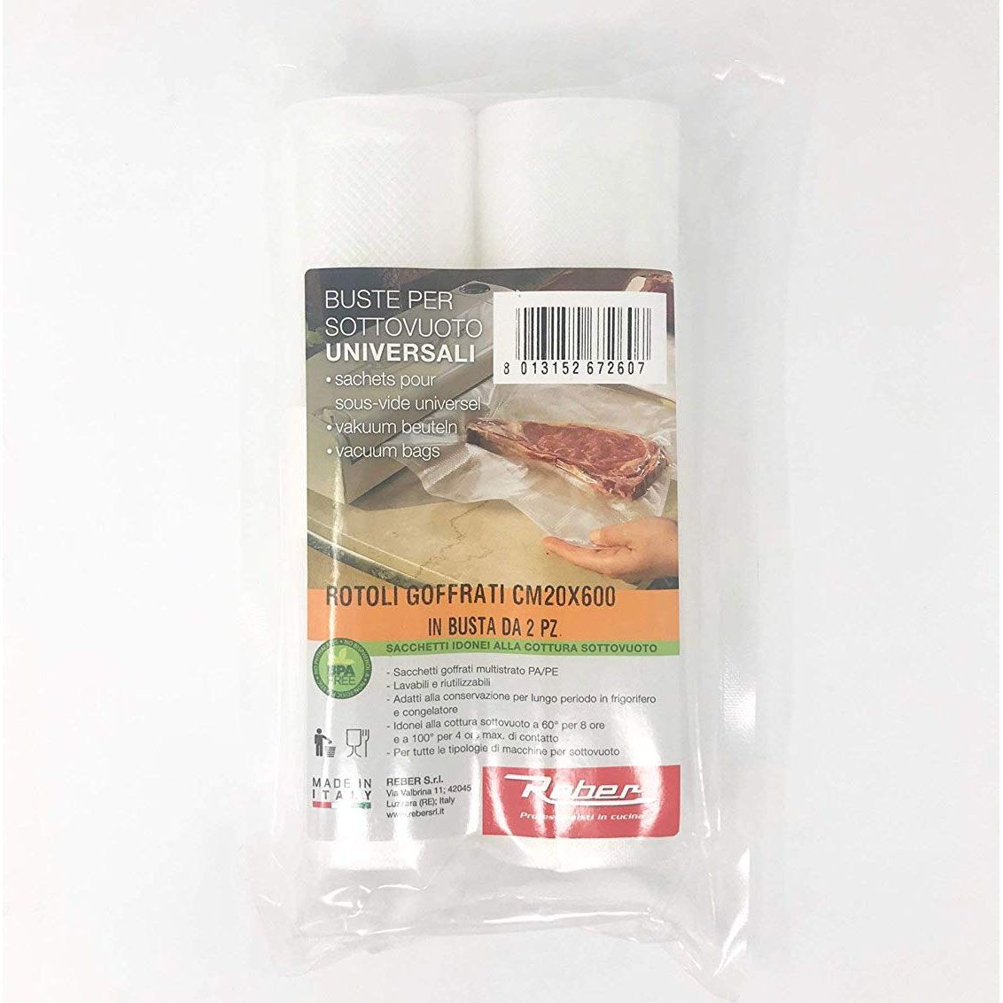 Role de folii gofrate pentru vidat Reber 6726 A, Dimensiune cumulată 20x600cm, Producție estimată 30 pungi (de 20x20cm), Pot fi folosite la gătit (set de 2 role)
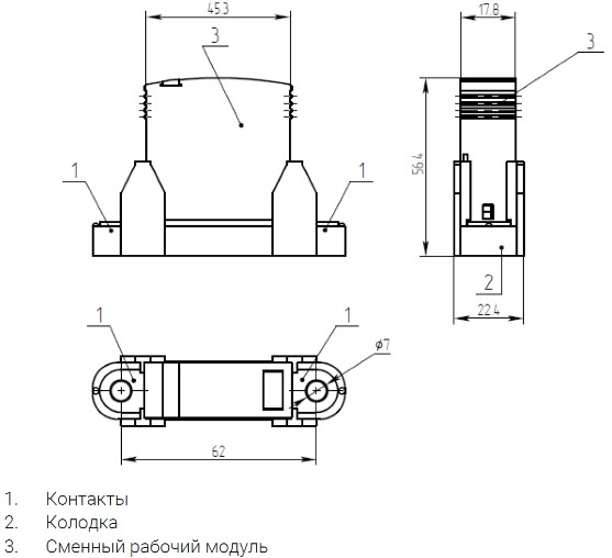 УЗИП состоит из колодки и сменного рабочего модуля с терморасцепителем и индикатором состояния рабочего элемента.
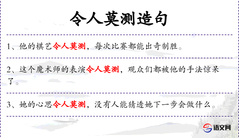 - 成语“令人莫测”在这里强调了魔术的神秘性。
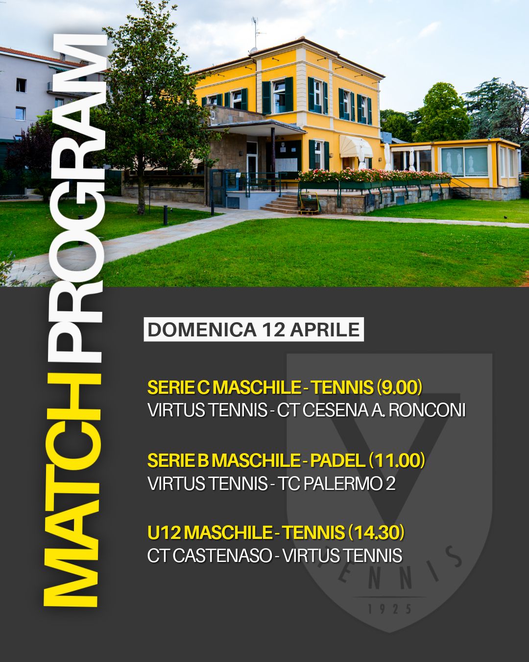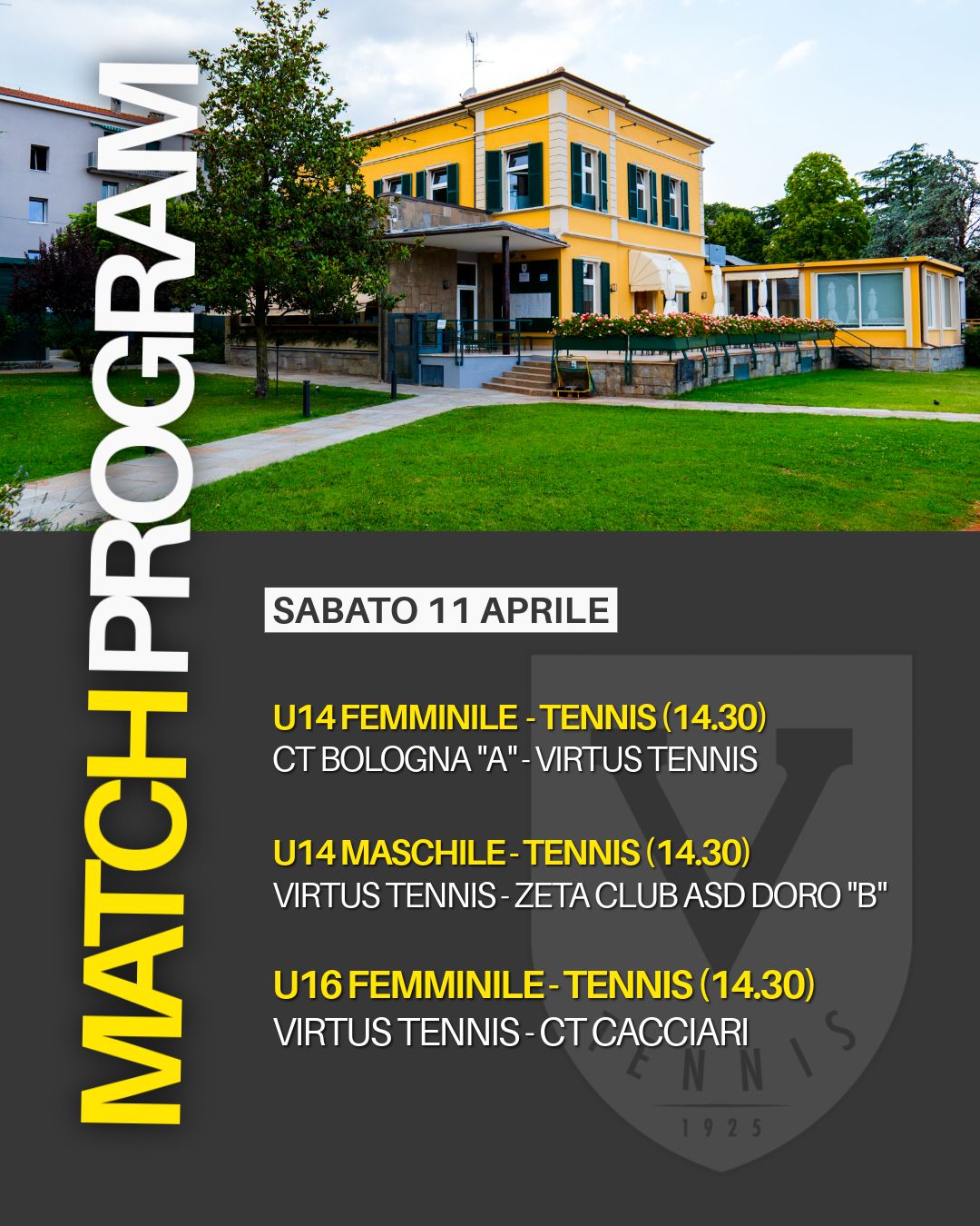 Di seguito è possibile consultare il Match Program delle partite che vedranno protagoniste, nel corso del weekend, le squadre della Virtus Tennis impegnate nei rispettivi Campionati.
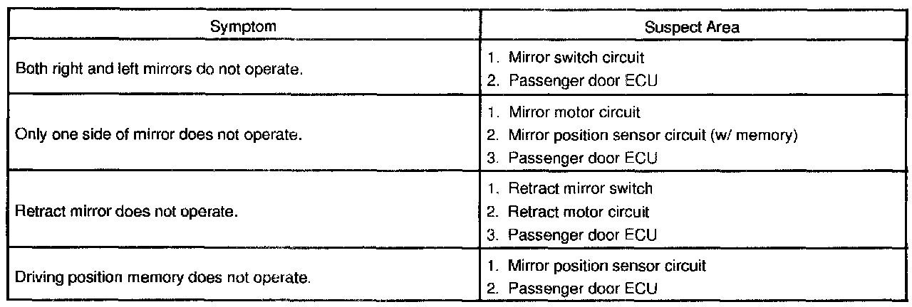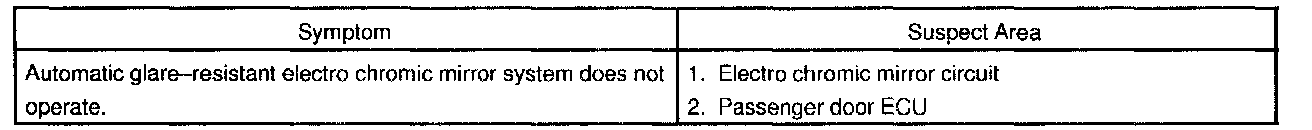 Problem Symptoms Table - Automatic Glare-Resistant Electric Chromic Mirror System:
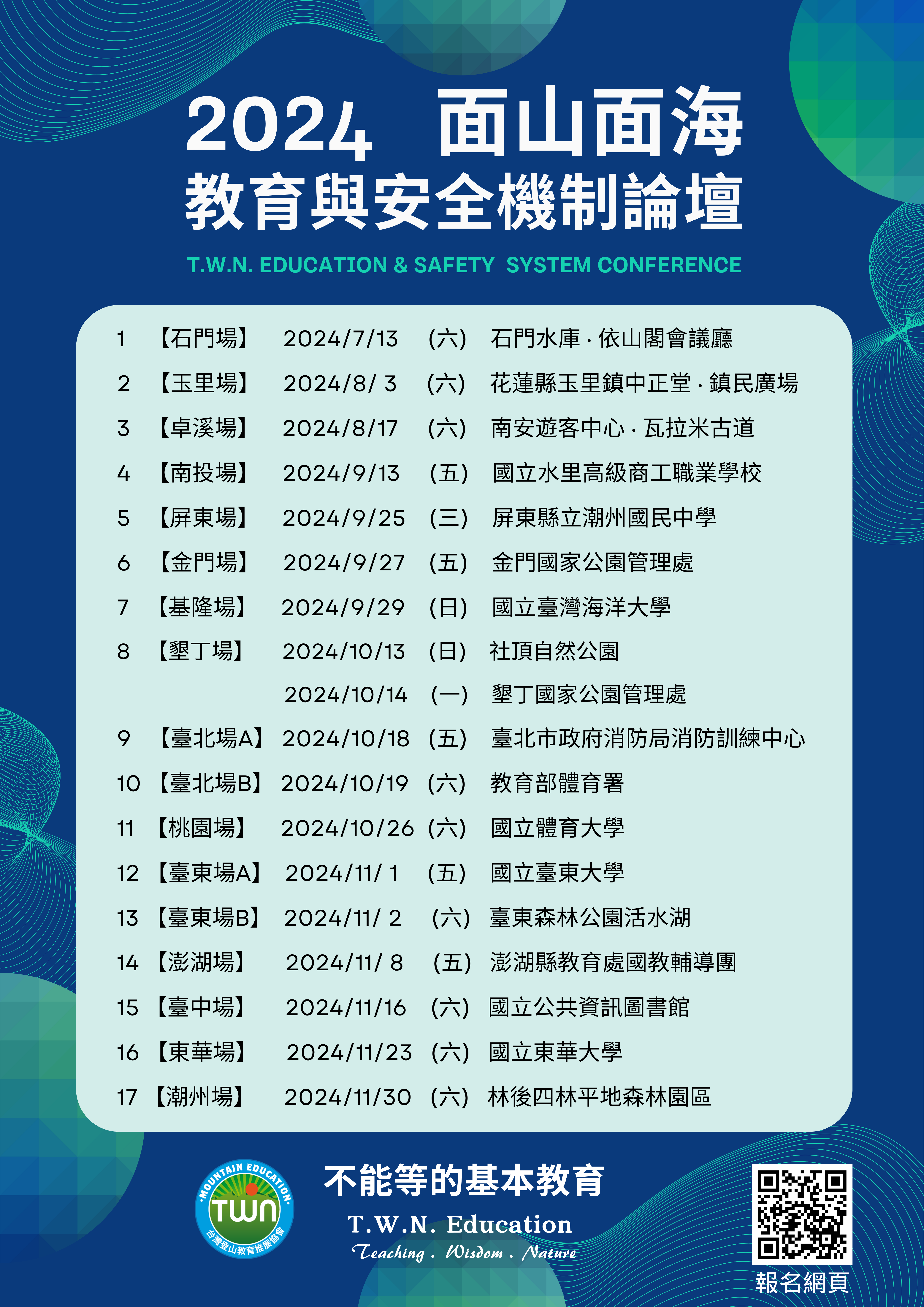 三、檢附旨揭論壇總表1份,各場次議程表及報名詳協會網站: http://twnmouedu.wix.com/-twnmountain,若有相關問 題,請寄信至協會電子信箱:twnmouedu@gmail.com。
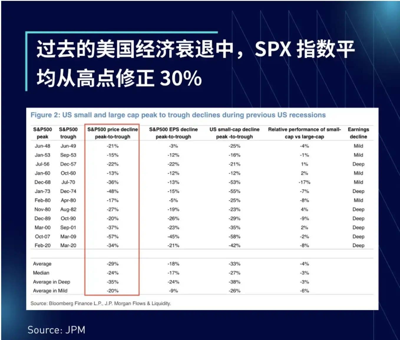 根据摩根大通的数据,过去 12 次美国经济衰退中,美国股市从高点到低点的平均跌幅约为 30%,而目前 SPX 的调整幅度仅为 9.5%。简单的推算表明,股市目前隐含的经济衰退可能性为 33% 左右,大宗商品与美债市场隐含的可能性则接近 50%,而信贷市场隐含的衰退可能性仅为 10%。
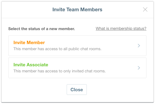 2. Select the status of the member you want to invite. You can invite a member as a Member or an Associate.
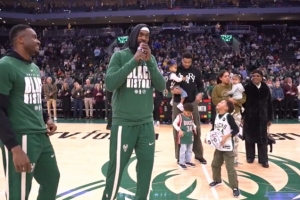 體育資訊2月7日訊 在今日雄鹿對陣步行者的賽前。波蒂斯攜手字母哥哥向字母哥致敬,并祝他連續(xù)10次進(jìn)入全明星陣容。
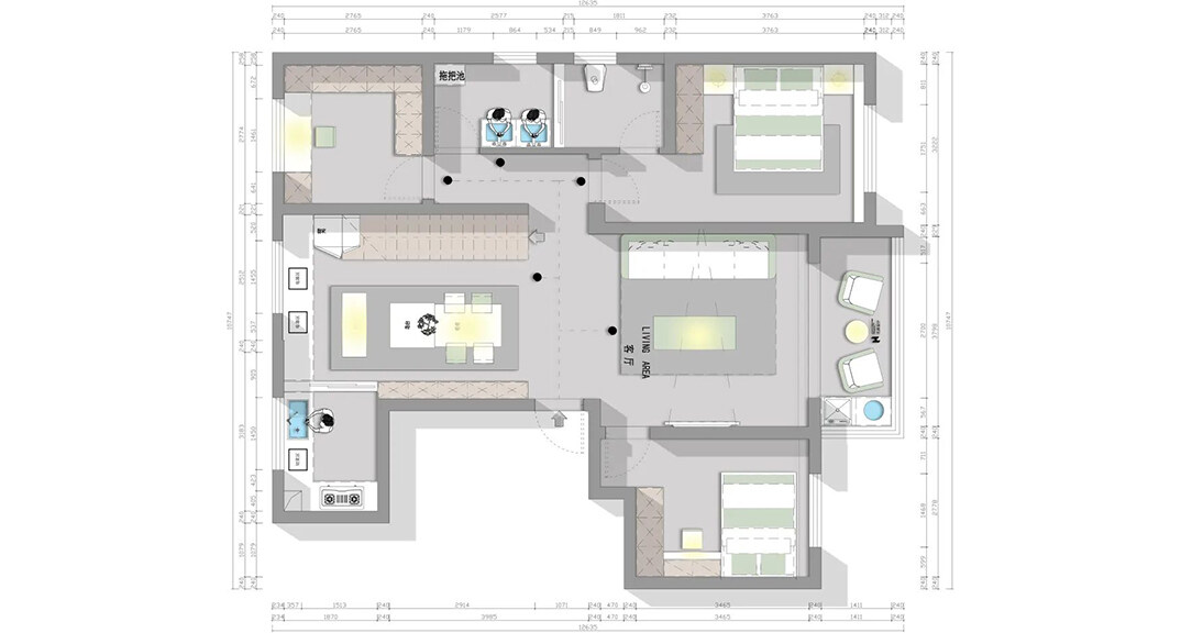 安泰未來城140㎡三室兩廳現(xiàn)代簡約風格裝修案例效果圖
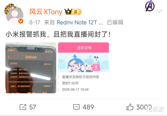 8月底,网红作家“风云XTony”突然发微博称,自己去提小米SU7 Ultra新车,但“小米报警抓我,且把我直播间封了!”

**WHAT YOU NEED TO DO**
Output the whole listing without change. Any picture is to be left out.

**SOLUTION TO THE PROBLEM**
 Role de folii gofrate pentru vidat Reber 6726 A, Dimensiune cumulată 20x600cm, Producție estimată 30 pungi (de 20x20cm), Pot fi folosite la gătit (set de 2 role)
 УЗИП состоит из колодки и сменного рабочего модуля с терморасцепителем и индикатором состояния рабочего элемента.
 - 成语“令人莫测”在这里强调了魔术的神秘性。
 Di seguito è possibile consultare il Match Program delle partite che vedranno protagoniste, nel corso del weekend, le squadre della Virtus Tennis impegnate nei rispettivi Campionati.
 Problem Symptoms Table - Automatic Glare-Resistant Electric Chromic Mirror System:
 三、檢附旨揭論壇總表1份,各場次議程表及報名詳協會網站: http://twnmouedu.wix.com/-twnmountain,若有相關問 題,請寄信至協會電子信箱:twnmouedu@gmail.com。
 根据摩根大通的数据,过去 12 次美国经济衰退中,美国股市从高点到低点的平均跌幅约为 30%,而目前 SPX 的调整幅度仅为 9.5%。简单的推算表明,股市目前隐含的经济衰退可能性为 33% 左右,大宗商品与美债市场隐含的可能性则接近 50%,而信贷市场隐含的衰退可能性仅为 10%。
 2. Select the status of the member you want to invite. You can invite a member as a Member or an Associate.
 體育資訊2月7日訊 在今日雄鹿對陣步行者的賽前。波蒂斯攜手字母哥哥向字母哥致敬,并祝他連續(xù)10次進(jìn)入全明星陣容。
 安泰未來城140㎡三室兩廳現(xiàn)代簡約風格裝修案例效果圖
 8月底,网红作家“风云XTony”突然发微博称,自己去提小米SU7 Ultra新车,但“小米报警抓我,且把我直播间封了!”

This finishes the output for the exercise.